Cultura & Attualità

BERLUSCONI SE NE VA?:look:
Messaggio del 22-11-2006 alle ore 15:49:34
sorry...nn avevo fatto caso al fatto che un post sull'argomento già c'era...
Messaggio del 22-11-2006 alle ore 15:43:08
speriamo che fini si sta alla casa se.....
Messaggio del 22-11-2006 alle ore 15:21:02

credo che ci sarà una spaccatura, con un ritorno del centro e fini probabilmente candidato

Messaggio del 22-11-2006 alle ore 15:19:23
TREMONTI è difficile...

credo che ci sarà una spaccatura, con un ritorno del centro e fini probabilmente candidato, con casini che si sposta al centro
Messaggio del 22-11-2006 alle ore 15:10:07
BRLUSCONI: NN HA PI§ VOGLIA DI FARE IL PREMIER
Don Gianni Baget Bozzo, ideologo di Forza Italia, intervistato da Affari, conferma l'intenzione del Cavaliere di lasciare. "Napolitano non vuole le elezioni, se cade Prodi larghe intese e Marini premier". E il successore di Berlusconi? "Tremonti o Fini, ma solo col Partito delle Libertà".

Lei che lo conosce bene, pensa veramente che Silvio Berlusconi non desideri più tornare a Palazzo Chigi?
"Non ha più voglia di candidarsi come presidente del Consiglio".

Perché?
"Ritiene di aver fatto un buon governo ed è stato sconfitto. Quindi non ha più voglia. L'esperimento l'ha già fatto ed è finito".

Però...
"Vuole mantenere il ruolo di capo dell'opposizione".

E se il governo Prodi dovesse cadere?
"Qualora accadesse nei prossimi due anni, allora accetterebbe anche l'onere di ricandidarsi. Ma Berlusconi non ritiene che Prodi possa cadere e soprattutto pensa che Napolitano non sarebbe d'accordo con le elezioni antipate".

Quindi?
"Se dovesse rompersi il legame tra la sinistra riformista e quella radicale si andrebbe alle larghe intese e non allo scioglimento anticipato del Parlamento".

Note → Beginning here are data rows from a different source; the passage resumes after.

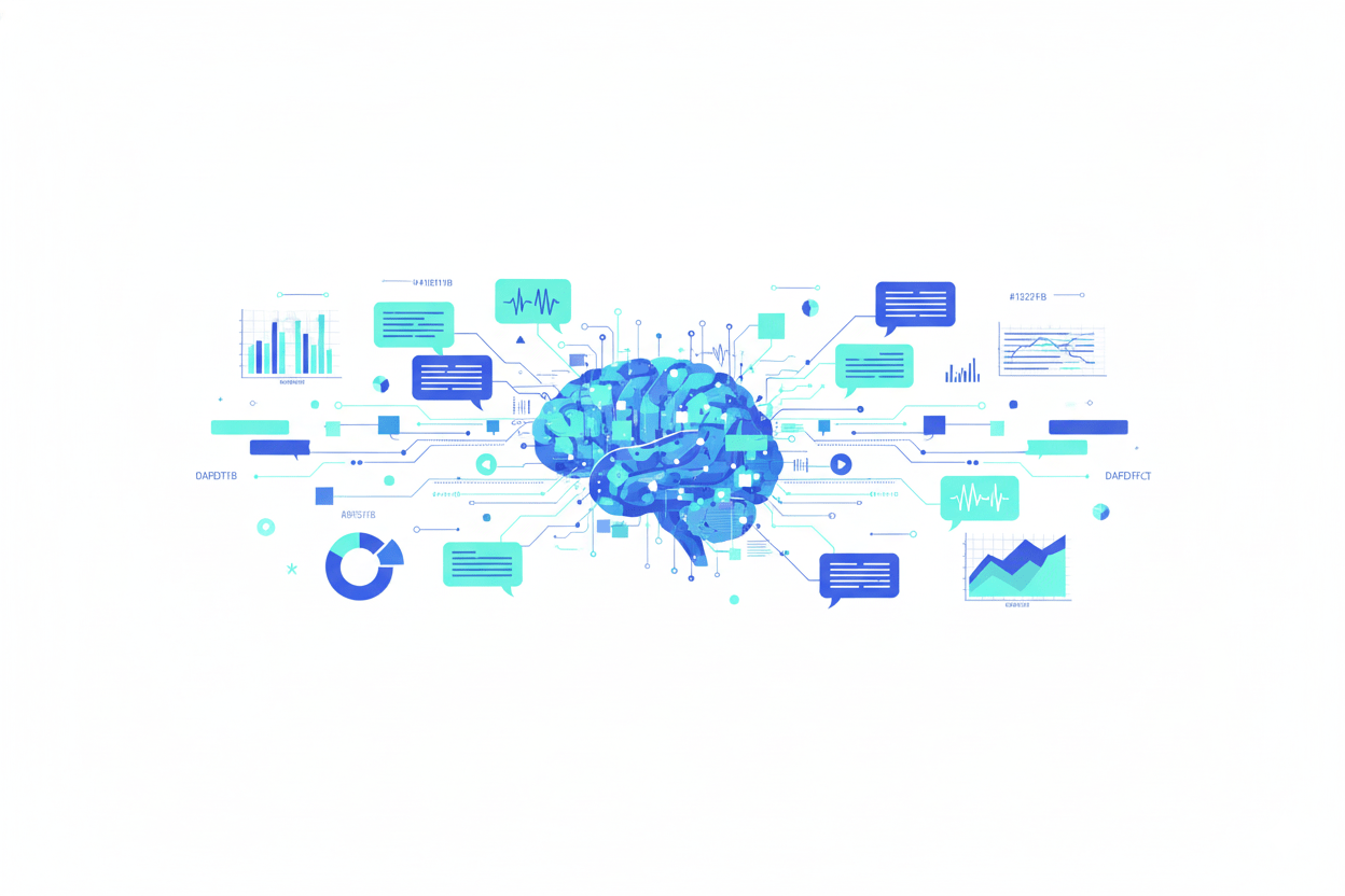Combine text analysis with voice, image, and video data for comprehensive understanding using unified AI frameworks and cross-modal correlation engines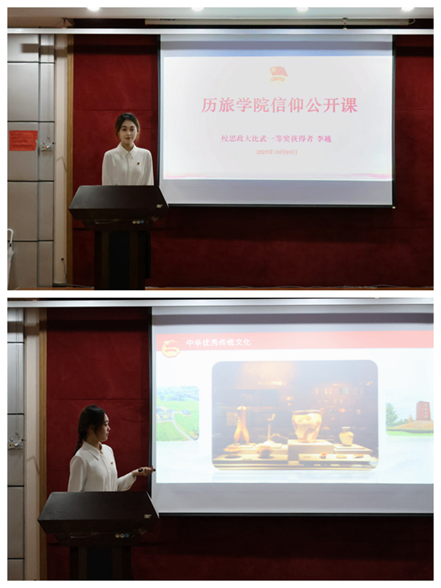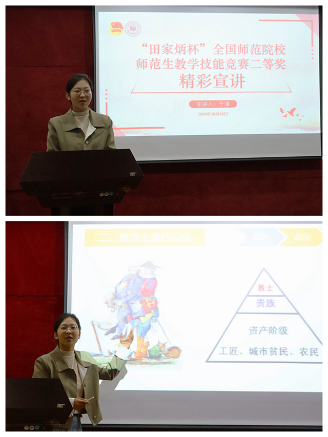 培训伊始,于潼针对《如何上好一节历史课》进行了详细讲解阐释,分享了在田家炳教学技能大赛上的心得体会。她以初中教材中“法国大革命的背景”一课为例,带领同学们分析了法国大革命爆发的政治、经济与思想文化因素,并通过插入漫画、引用名人名言等方式增强了课堂的趣味性,通过现场提问提升了课堂的互动感,帮助在场同学深入感受到了作为师范生在历史课堂上应必备的综合能力与核心素养。随后,李越结合自身在思政大比武上的经验,针对《如何上好一节团课》进行了范例展示。李越同学围绕“文化自信”这一主题,细致阐述了习近平文化思想的内涵与意义,将文化实例与理论指导相结合,带领同学们探究了新时代推进我国文化建设工作的根本方法。最后,参与培训的同学们针对培训主题积极提问讨论,对历史课堂的教学要求与团课的思想核心展开了深入的学习探究。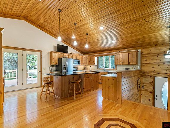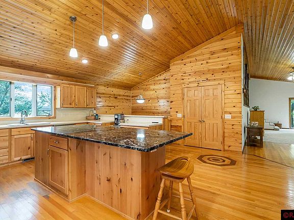 This beautiful Split Level home nestled into 4.25 of partially wooded acres has a plethora of quality custom details to appreciate. From the heated 3-stall Garage, you enter a spacious ceramic-tiled Mudroom which steps up to the front Foyer leading to the upper level open floor plan featuring gorgeous vaulted cedar ceilings and an abundance of large windows. The impressive Kitchen (which conveniently steps out to a 16 x 16 two-level deck) boasts wood flooring, cedar ceilings, knotty Alder cabinets with Wilsonart solid surface tops, a large granite topped center island, a stately custom buffet and a large pantry closet. Wood flooring with custom inlaid detailing continues into the Dining Room which is open to the 19 x 20 Living Room, above which is a skylit loft and large storage closet. Also on the upper level is a Bedroom/Office and a newly installed half Bath. In the lower level, you will find an inviting Family Room with carpet accented by ceramic tile--which also surrounds the gas fireplace. 3 more Bedrooms, a Master Bath (with jetted tub and solid surface topped vanity) and additional Full Bath (both ceramic tiled), cedar storage closets, Laundry and utility areas complete the Lower Level. Exterior amenities include vinyl siding, a wide array of attractive landscaping, raised flower beds surrounding a large fire pit/patio area, and a 24 x 32 pole shed. In addition to propane forced air, a wood burning stove is ducted to heat the entire house as an alternate heat source. If you love country living this is a home you don't want to miss!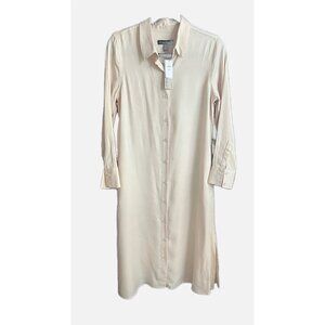 New! Banana Republic Tencel Midi Shirtdress in Light Ecru White.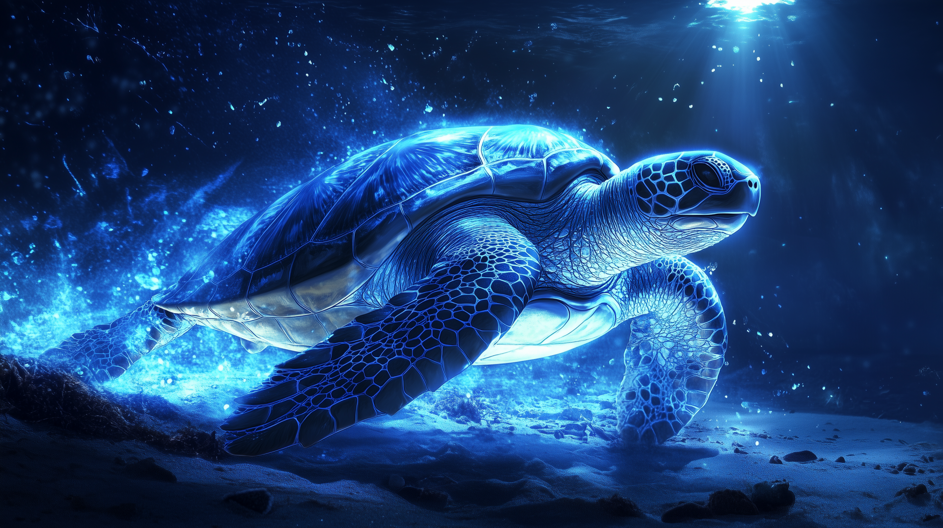 A majestic giant turtle quietly swims through the open sea, bathed in a brilliant deep blue aura. The serene moonlight enhances its powerful presence, creating an atmosphere of peace and wisdom around it.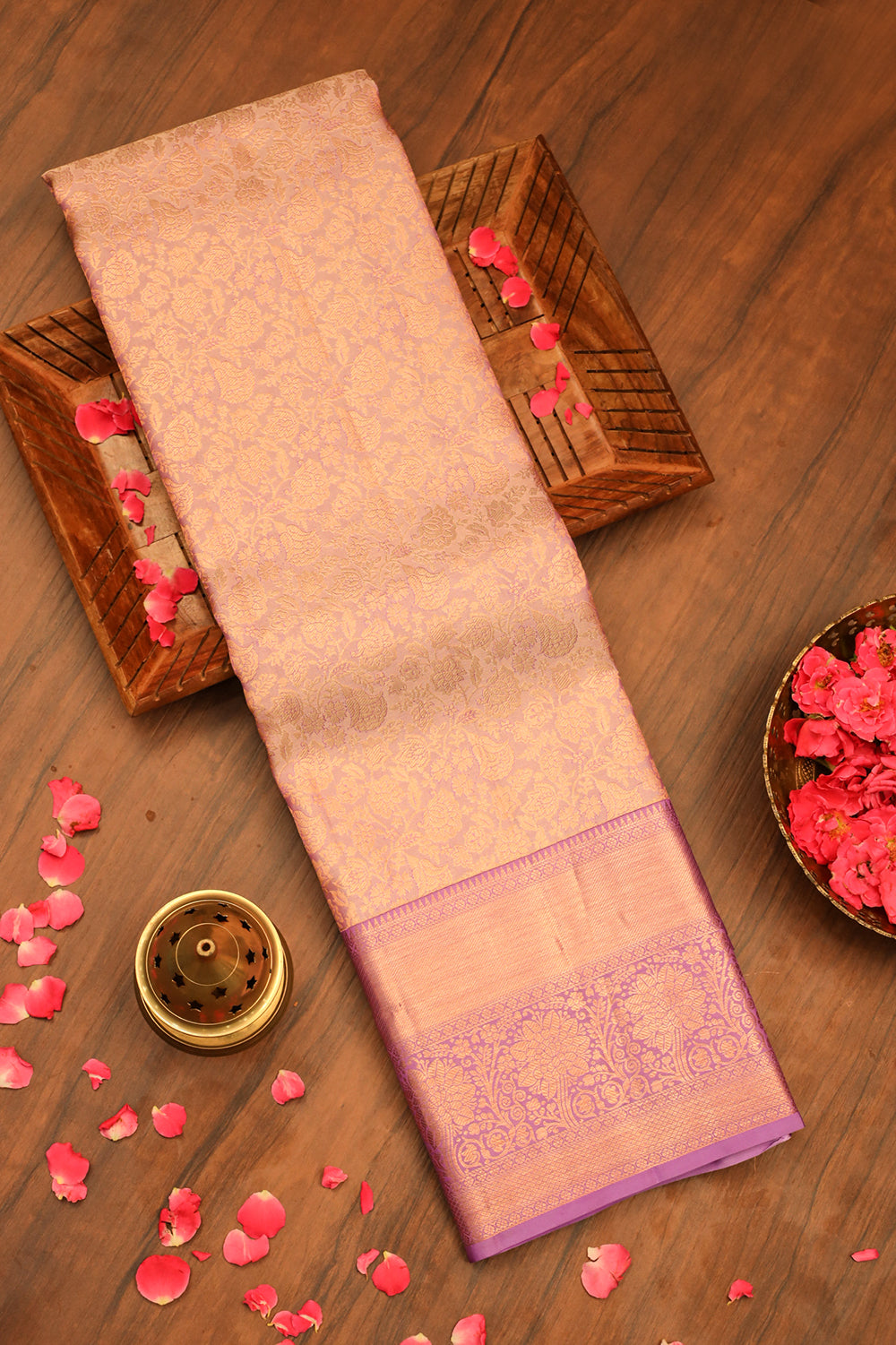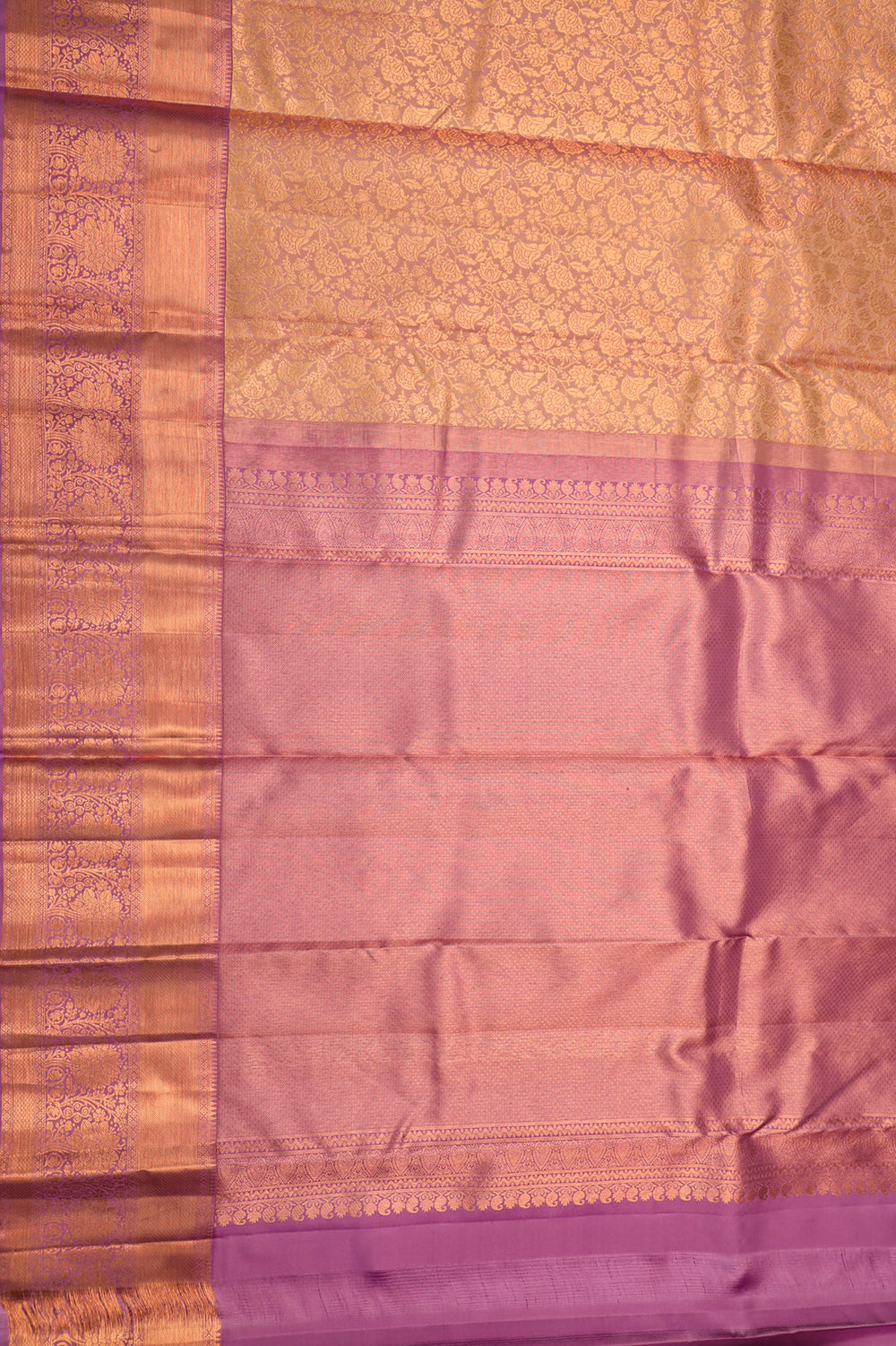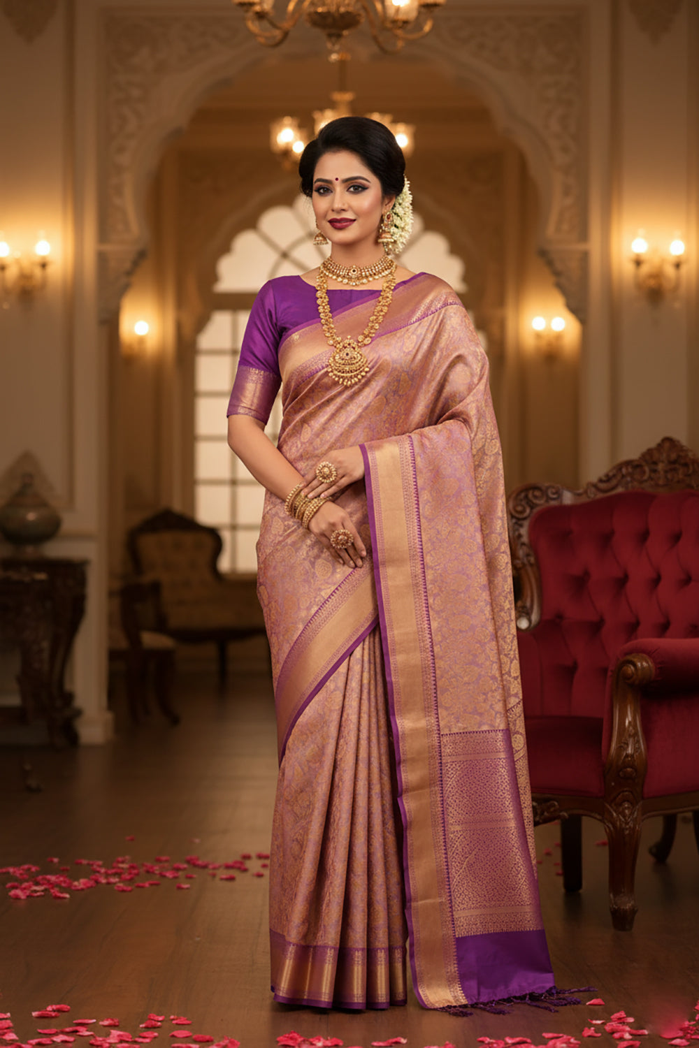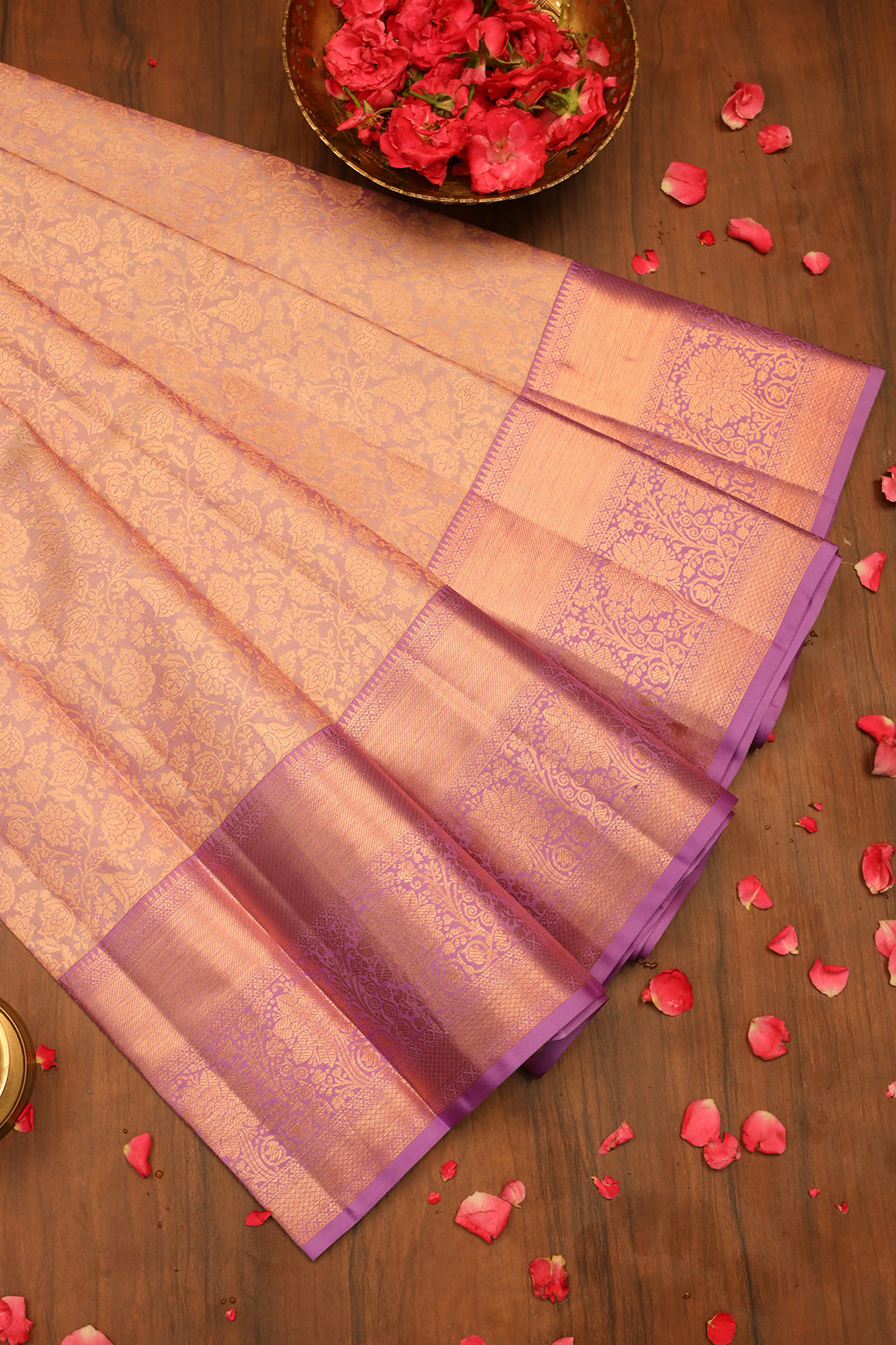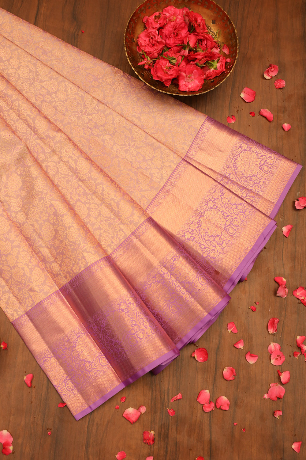 Peach Pink Kanchipuram Silk Saree with Purple Border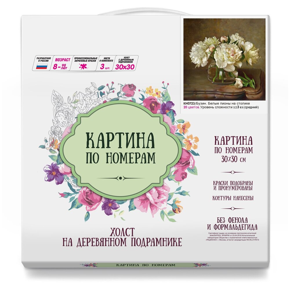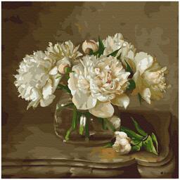 В этом наборе есть все, чтобы создать потрясающе красивую картину художника Игоря Бузина "Белые пионы на столике", изображающую букет пышных пионов в прозрачной вазе. Следуя инструкции и сверяясь с цветовой схемой рисунка, шаг за шагом заполняется холст с уже нанесенными контурами. Вначале стоит заполнить крупные элементы, следуя по направлению сверху вниз, затем при помощи кисти меньшего размера раскрасить остальные детали.<br />Раскрашивая картину по номерам, можно потренировать навыки мелкой моторики, усидчивость и цветовое восприятие, а готовый рисунок станет настоящим украшением интерьера.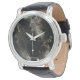 Vintage men's watch with black leather strap v.boscher gray ink design

Allora qual è la strategia di Berlusconi?
"Se si votasse entro il 2008 accetterebbe l'onere, dopo toccherebbe ad altri, anche per questioni anagrafiche. Ma Berlusconi non pone nemmeno il problema della sua candidatura, perché ritiene che l'accesso a nuove elezioni sia bloccato. L'eventuale crisi del governo Prodi, visto l'orientamento del capo dello Stato, porterebbe solo alle larghe intese. E in questo caso il Cavaliere non sarebbe della partita".

il premier della Grande Coalizione?
"Marini, ovviamente. E' disposto a ricoprire quel ruolo".

Ma così non si brucerebbe per il Quirinale?
"Sarebbe obbligato a farlo. E' la persona adatta per un governo istituzionale. Con il presidente del Senato sarebbe un esecutivo ancora politico, ma bi-partigiano".

Tornando al Centrodestra, chi è il successore di Berlusconi?
"Tremonti è il più probabile, ma molto dipende da ciò che accadrà nei prossimi anni. Se invece si riuscisse a fare il Partito delle Libertà anche Fini avrebbe buone possibilità".

E Casini?
"Se mantiene la compatibilità con l'opposizione sì, ma se vota alcune leggi del governo cercando una rendita di posizione verso la Margherita diventa molto più difficile. La nuova legge elettorale andrà a rafforzare il maggioritario e quindi le forze dovranno accorparsi, mantenendo il bipolarismo. In quest'ottica Casini non può fare il gioco libero, si può differenziare nella tattica ma non nella strategia".

In Forza Italia c'è solo Tremonti?
"Assolutamente sì. Formigoni lo vedo molto lontano, Pisanu lo escludo proprio. Non si fa nemmeno il suo nome... paradossalmente è stato appannato dal successo che ha ottenuto come ministro dell'Interno".

La Lega abboccherà alle sirene dei Ds sul federalismo?
"Per carità. Ci sarà una trattativa per una maggiore autonomia della Lombardia e del Veneto, ma se ne occuperanno Formigoni e Galan. Non ci sono problemi con Bossi. Il Senatùr sta cavalcando troppo le proteste del Nord sulle tasse per essere complice del governo di sinistra. La Lega resterà nella CdL".